Connecticut's personal income growth was the third slowest in the country in the first quarter of 2019.
Income grew 1.5% for the quarter—ahead of only Iowa and South Dakota—according to a new U.S. Bureau of Economic Analysis report.
The national average was 3.4%, down from 4.1% in the fourth quarter.
The report measures total earnings from wages, investments, and government payments such as Social Security and Medicare.
For the quarter in Connecticut, net earnings (salary and wages less government social insurance contributions) grew 1.3% or $572 million.
Investment returns declined $745 million (-4.8%) while government payments rose $1.17 billion (13.8%).
Key Economic Measure
Personal income growth is a key economic measure, an indicator of tax revenue and consumer spending trends.
"You now have a situation where consumer spending power is basically flat," economist Don Klepper-Smith told the Hartford Courant.
"Without growth in consumer spending, there's no reasonable rise in tax revenue. This is not a recipe for fiscal health."
The six New England states averaged 2.6% growth in the first quarter, up from 2.4% in the previous three months.
Maine led the region, with income up 5.4%, the third highest overall growth in the country.
Income in Vermont grew 4.5%, followed by New Hampshire (3.8%), Massachusetts (2.7%), Rhode Island (1.7%), and Connecticut.
West Virginia Leads
West Virginia led all states for the quarter, with personal income growing 5.6%.
The BEA attributed much of West Virginia's growth to the state's booming construction sector.
Income grew 5.5% in Arizona, followed by Maine, Florida (5.1%), and New Mexico (5.1%).
South Dakota was 50th among all states, with income shrinking 0.6%, followed by Iowa (0.6%), Connecticut, New York (1.7%), and Rhode Island (1.7%).
Per Capita Income
Connecticut's per capita income exceeds $75,000 and remains the nation's highest, although growth continues to trail the region and the country.
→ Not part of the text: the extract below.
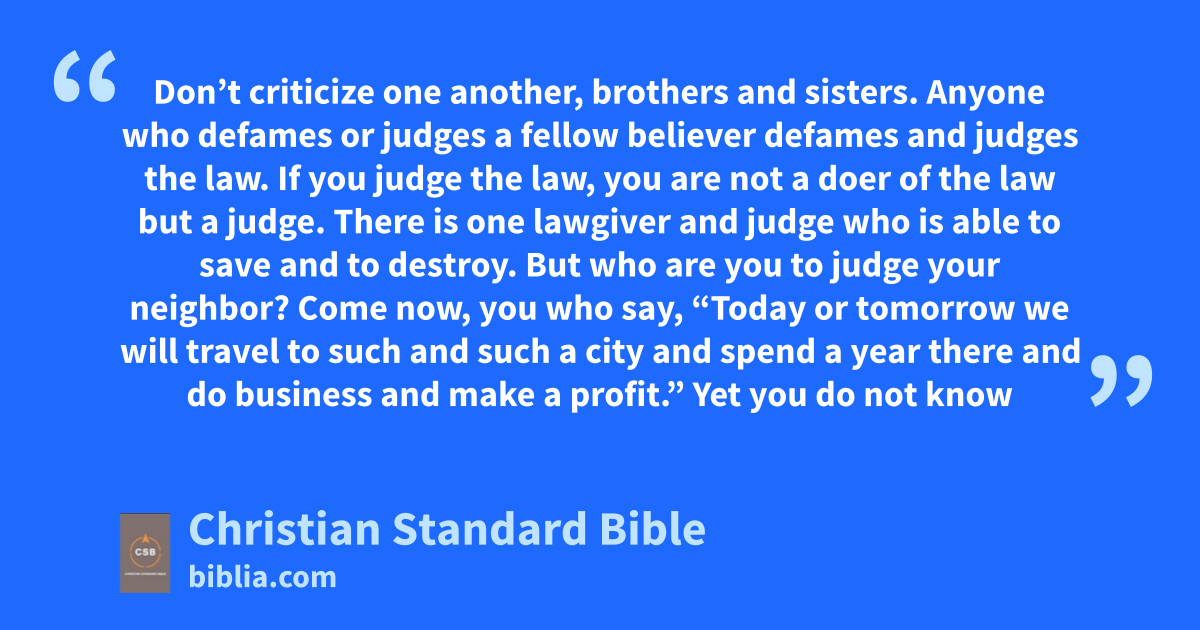 11 Don’t criticize one another, brothers and sisters. Anyone who defames or judges a fellow believerE defames and judges the law. If you judge the law, you are not a doer of the law but a judge.k 12 There is one lawgiver and judgeF who is able to save and to destroy. But who are you to judge your neighbor?l

For instance, personal income growth ranked in the bottom 10 states in both 2017 (1.4%; 44th) and 2018 (3.4%; 42nd).
That's a troubling pattern, particularly when income growth is considered with other metrics, including job and economic growth.
Connecticut has recovered only 80% of all jobs lost in the last recession—the only New England state and one of just a handful across the country yet to reach the expansion mark.
The state's economy has expanded just twice in the last 11 years, while much of the region and the country have experienced sustained growth.
Home sales in May fell for the 10th consecutive month, as Connecticut's residential real estate market continues to struggle to recover from the 2008-2010 recession.